五感

 道路の向こう側にある廃屋を片付けてから、展望が一気に開け、体育館の広い駐車場やテニスコート、果てはイルマーレ牛窓と言う大きなホテルがある山まで見える。2年前まではその全てが見えなかった。2年間見続けてきた風景なのに、今日はなんとなく電信柱が目に付いた。今まで意識してみたことはなかったが。どこにでもある電信柱の上よりの辺りから、斜めに太い筒みたいのが地面まで延びていることに気がついた。倒れないように支えをしているのだろうが、下半分が太くなってその理由を、蛇が上がってこれなくするものだと考えた。  昼前におばあさんを車で連れてきた若者が「電信柱が倒れているんではないですか?中国電力に電話しました?」と不思議そうな顔で言った。一瞬何のことを言っているのか分からなかったが、ひょっとしたら僕が今朝見た光景と関係あるのではとすぐに思いついた。
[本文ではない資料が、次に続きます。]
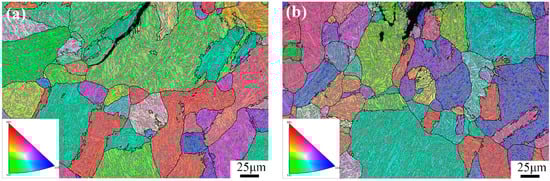 EBSD micrograph of protoaustenite grain reconstruction for (a) tempering air cooling and (b) tempering water cooling.
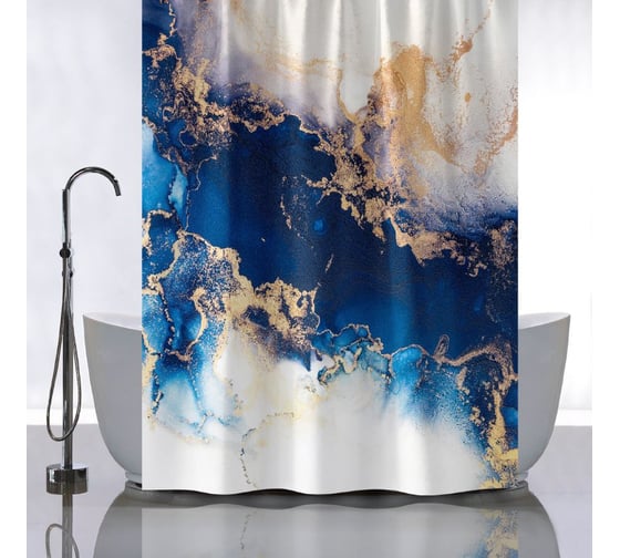 Штора САНАКС с рисунком синий мрамор с золотом, в ванную комнату, без колец - полиэстэр, 180 х 180 см. 01-113
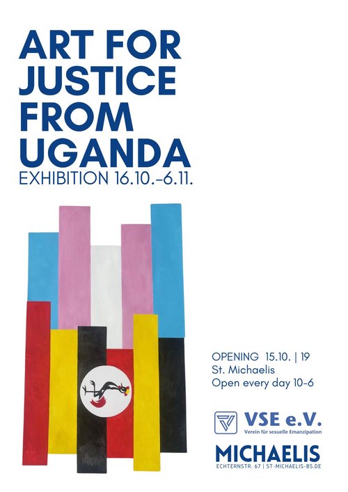 Am 15. Oktober um 19 Uhr eröffnen die Initiative Prism Empowerment and Development Initiative (PEDI) Uganda, der Verein für sexuelle Emanzipation (VSE) und die Kirchengemeinde St. Michaelis eine Ausstellung mit dem Titel 'Art for Justice in Uganda'.
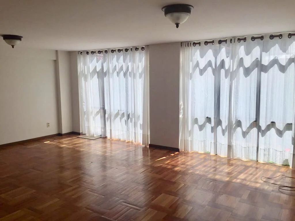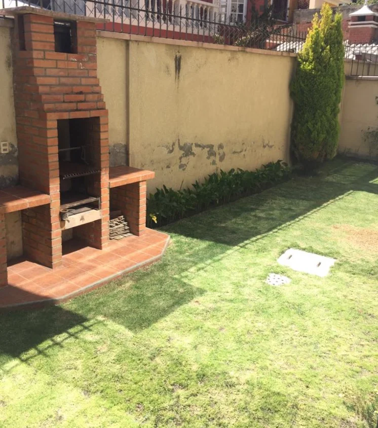 Departamento en alquiler a media cuadra del Hipermaxi, 3 dormitorios, soleado, dependencias de empleada, 2 garajes, baulera, jardín propio y parrillero.
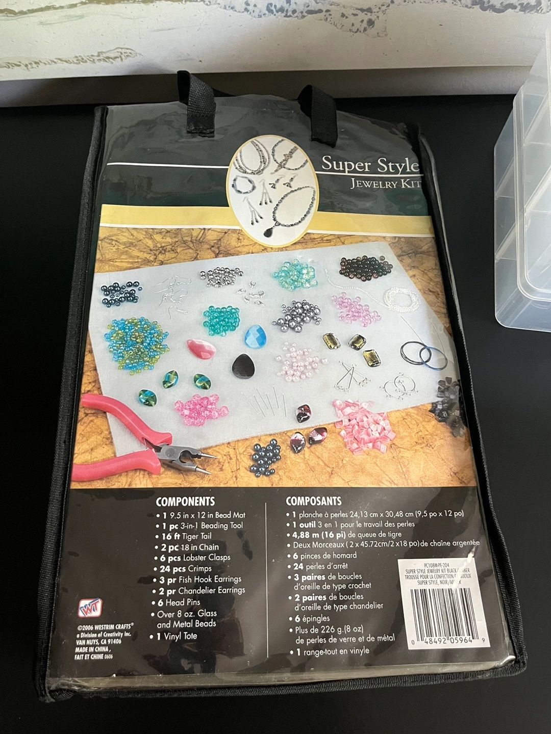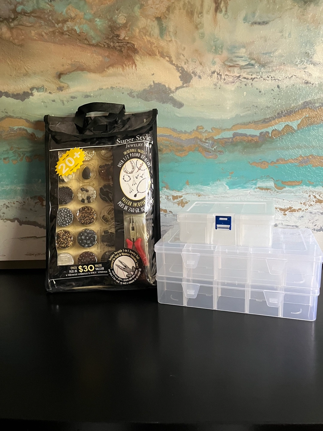 Jewelry making kit with beads, tools, and 3 plastic storage containers. Brand new. Price is for everything
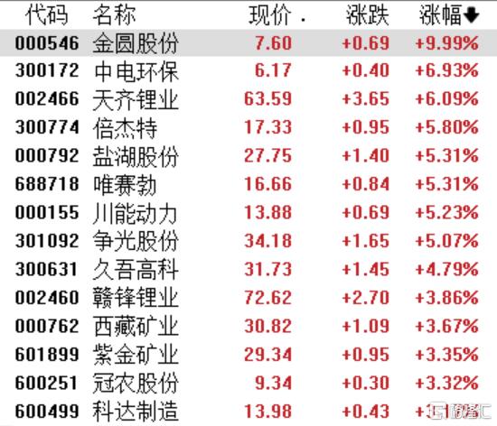 锂矿板块冲高震荡,金圆股份(维权)涨停,天齐锂业涨超6%,盐湖股份、川能动力涨超5%,久吾高科、赣锋锂业、西藏矿业、科达制造纷纷上涨。消息面上,碳酸锂期货主力合约强势突破10万元大关,主力合约涨近6%,创2024年6月以来新高。今年11月以来碳酸锂主力期货合约价格累计上涨近两成,今年全年累计涨幅超过30%。
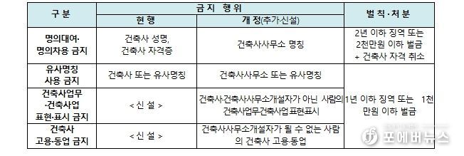 하지만 건축사사무소의 명의를 대여·차용하거나 건축사사무소 또는 이와 비슷한 명칭을 사용하는 행위, 비(非) 자격자의 건축사업무 또는 건축사업 표현·표시 및 건축사 고용·동업 행위 등에 대해서는 처벌 규정이 없어 건축 시장질서 혼란과 국민 피해가 지속되어 왔다.
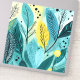 Ilustração de folhas e agulhas de pinheiros em verde-azul e amarelo
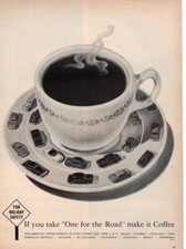 Vintage advertising print Drink Coffee Cup Tiny toy cars One for the Road 1955
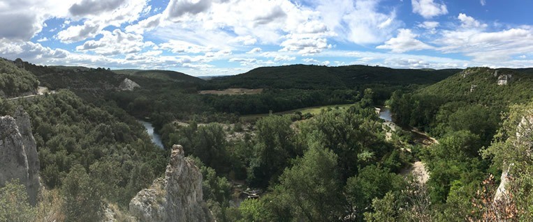 - Sur Issirac, bifurquez par l'épingle dans le centre du village. De l'autre côté, une petite esplanade vous présente un panorama sur les collines ardéchoises (s'y trouve derrière les fameuses gorges de l'Ardèche)
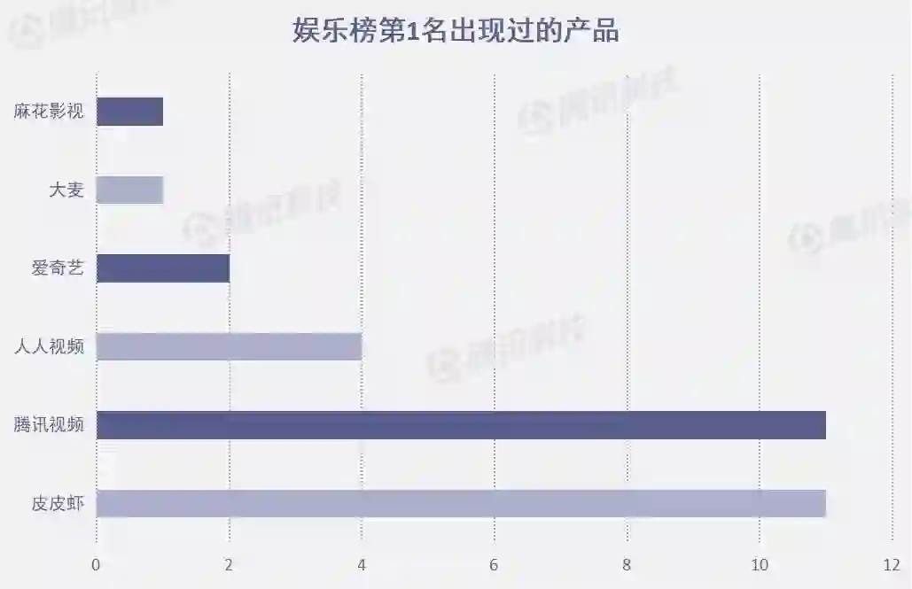 出现在娱乐榜第 1 名的产品分别是:皮皮虾、腾讯视频、人人视频、爱奇艺、大麦和麻花影视。
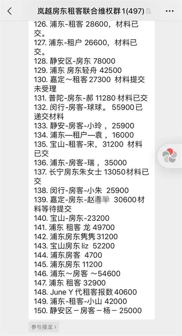 李静加入了“岚越房东租客维权群”,群内人数近五百人,遍布上海各区。
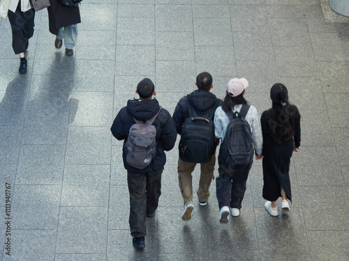 © zheng qiang, Obraz premium 冬の朝の街の繁華街で歩く人々の姿
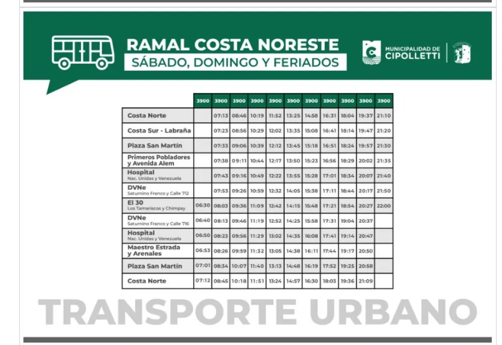 Cabe aclarar, para tranquilidad de los habitantes de los sectores mencionados, que la Secretaría de Fiscalización confirmó que será temporal, es decir sólo durante las vacaciones de invierno. Luego retomará con los horarios habituales en el sector Costa.
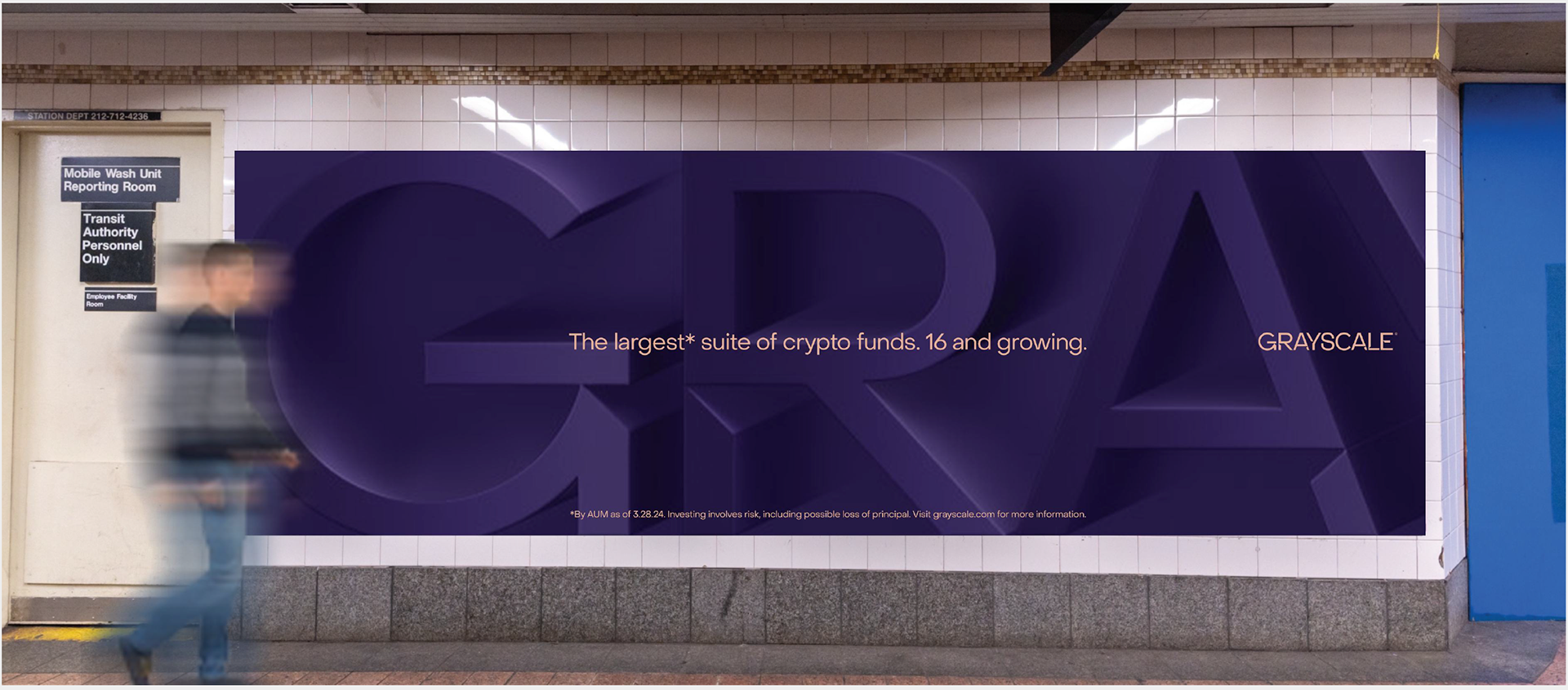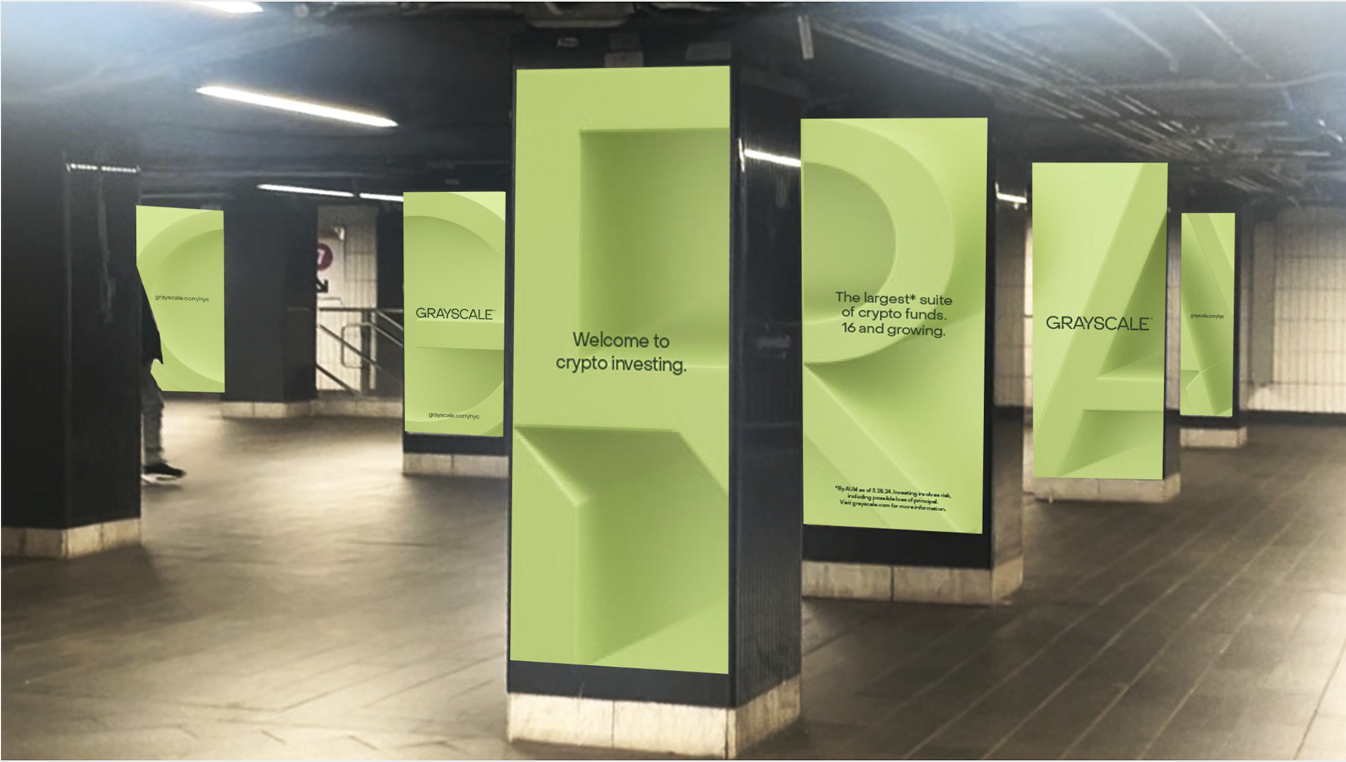 Crypto pioneer Grayscale wanted to retool its brand to help prepare it for its meteoric growth in the next few years. I was responsible for writing the verbal brand identity and creating concepts/headlines for a NY subway takeover.

青年は僕に教えるために薬局から出て、怪訝そうな顔で指差した。なるほど気がつかなかったが支柱のように見えたのは細い電信柱だった。と言うことは昨日まで立っていたのが倒れたってことだ。この辺りがなぜ停電しないのだろうと不思議に思って僕は道路を渡り、給食センターの敷地に裏門から入った。なるほど根元から完全に折れていて、太い電信柱に上手く寄りかかっていた。電線は地面を這っているが切れてはいない。だから停電しないし誰も気がつかなかったのだ。あれが薬局の駐車場のほうに倒れて直撃を受けたら車は勿論、人間も廃車だ。いつ倒れたのか分からないが、昨日は日が暮れてから帰ってきたので、暗闇なら避けようがなかったろう。  給食センターに電気を引き込むだけのような細い電信柱の存在に今まで気がつかなかった。しかし、今朝は明らかに風景に違和感を感じていた。人間の五感って不思議なものだなあと、感じずにはおれない経験だった。